I try not to get too much into detail because I think this would be more confusing than
it would actually help to understand the problem. In general, I’m wondering what approach
you should follow to debug why libvirt gets stuck.
Online I’ve read that you should run this command: `# gdb -batch -p $(pidof libvirtd) -ex
't a a bt f'`. I’ve run that command and attached the output to this mail.

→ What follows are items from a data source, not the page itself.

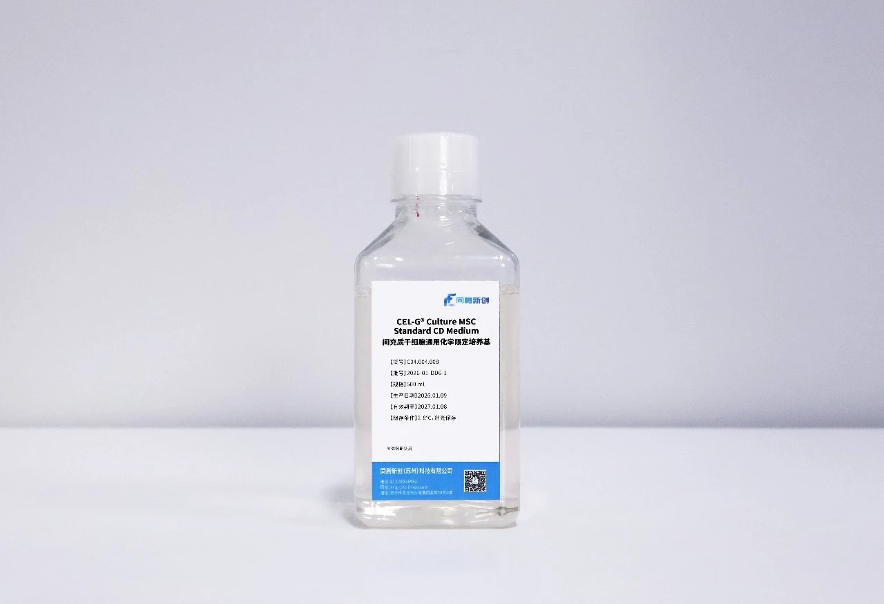 重磅新品加持,直播干货来袭!2026年1月29日,同腾新创(苏州)科技有限公司正式推出间充质干细胞通用化学限定培养基——CEL-G® Culture MSC Standard CD Medium(简称Standard CD培养基,图1,货号:C04.004.008),以专业严谨的态度打造即用型产品,为行业提供合规化解决方案,一经推出便备受关注。
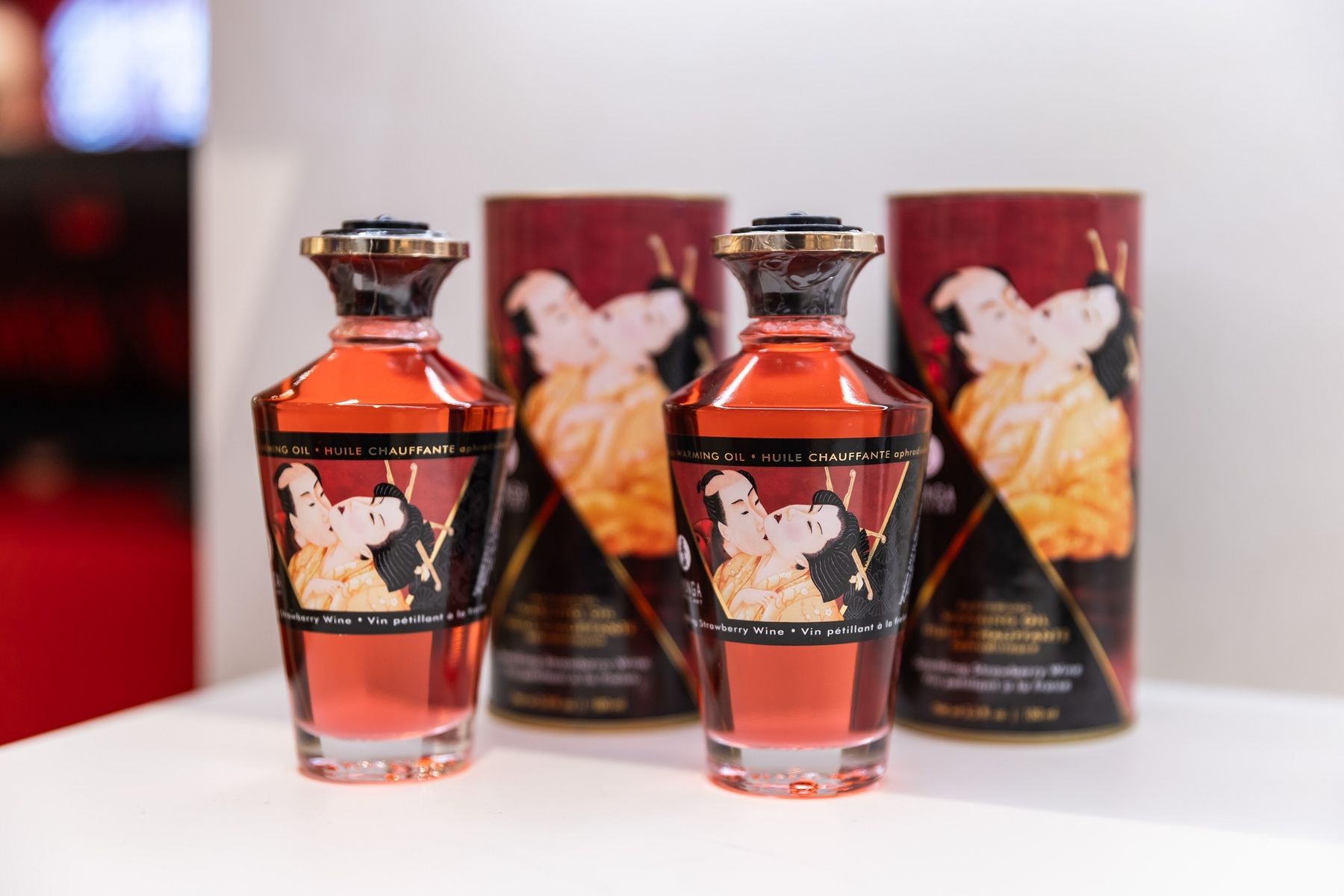 Разогревающее и съедобное масло для тела с натуральными вкусом Игристое клубничное вино Shunga Afrodisiac Warming Oil.
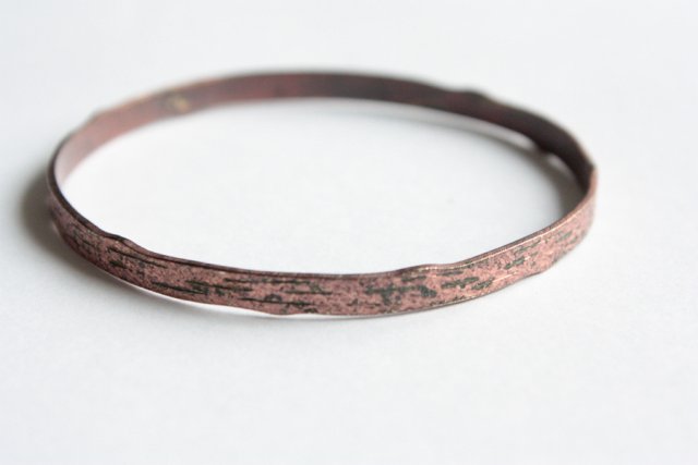 Wyjątkowa bransoletka o nineregularnym kształcie. Wykonana prawdopodobnie z miedzi.
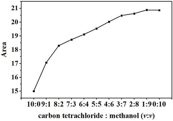 Integrated area of UVA region of DHHB solution at different carbon tetrachloride/methanol volume ratios.
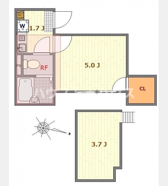 | 設備・条件 | 2階以上、最上階、システムキッチン、バス・トイレ別、浴室乾燥機、室内洗濯機置き場、フローリング、ロフト付き、エアコン、礼金なし、敷金なし、保証人不要、オートロック、都市ガス | ||

However, I have to admit that I have no idea what to do with it.
So from the backtrace:
Thread 18 (Thread 0x7f58bcf3e700 (LWP 19010)):
#0 0x00007f58c9e3a9f5 in pthread_cond_wait@(a)GLIBC_2.3.2 () from /lib64/libpthread.so.0
#1 0x00007f58ccc79e26 in virCondWait () from /lib64/libvirt.so.0
#2 0x00007f58a046f70b in qemuMonitorSend () from
/usr/lib64/libvirt/connection-driver/libvirt_driver_qemu.so
#3 0x00007f58a04811d0 in qemuMonitorJSONCommandWithFd () from
/usr/lib64/libvirt/connection-driver/libvirt_driver_qemu.so
#4 0x00007f58a0482a01 in qemuMonitorJSONSetCapabilities () from
/usr/lib64/libvirt/connection-driver/libvirt_driver_qemu.so
#5 0x00007f58a044f567 in qemuConnectMonitor () from
/usr/lib64/libvirt/connection-driver/libvirt_driver_qemu.so
#6 0x00007f58a04506f8 in qemuProcessWaitForMonitor () from
/usr/lib64/libvirt/connection-driver/libvirt_driver_qemu.so
#7 0x00007f58a0456a52 in qemuProcessLaunch () from
/usr/lib64/libvirt/connection-driver/libvirt_driver_qemu.so
#8 0x00007f58a045a4b2 in qemuProcessStart () from
/usr/lib64/libvirt/connection-driver/libvirt_driver_qemu.so
#9 0x00007f58a04bd5c6 in qemuDomainObjStart.constprop.50 () from
/usr/lib64/libvirt/connection-driver/libvirt_driver_qemu.so
#10 0x00007f58a04bdd26 in qemuDomainCreateWithFlags () from
/usr/lib64/libvirt/connection-driver/libvirt_driver_qemu.so
#11 0x00007f58cce1524c in virDomainCreate () from /lib64/libvirt.so.0
#12 0x000055e7499a3da3 in remoteDispatchDomainCreateHelper ()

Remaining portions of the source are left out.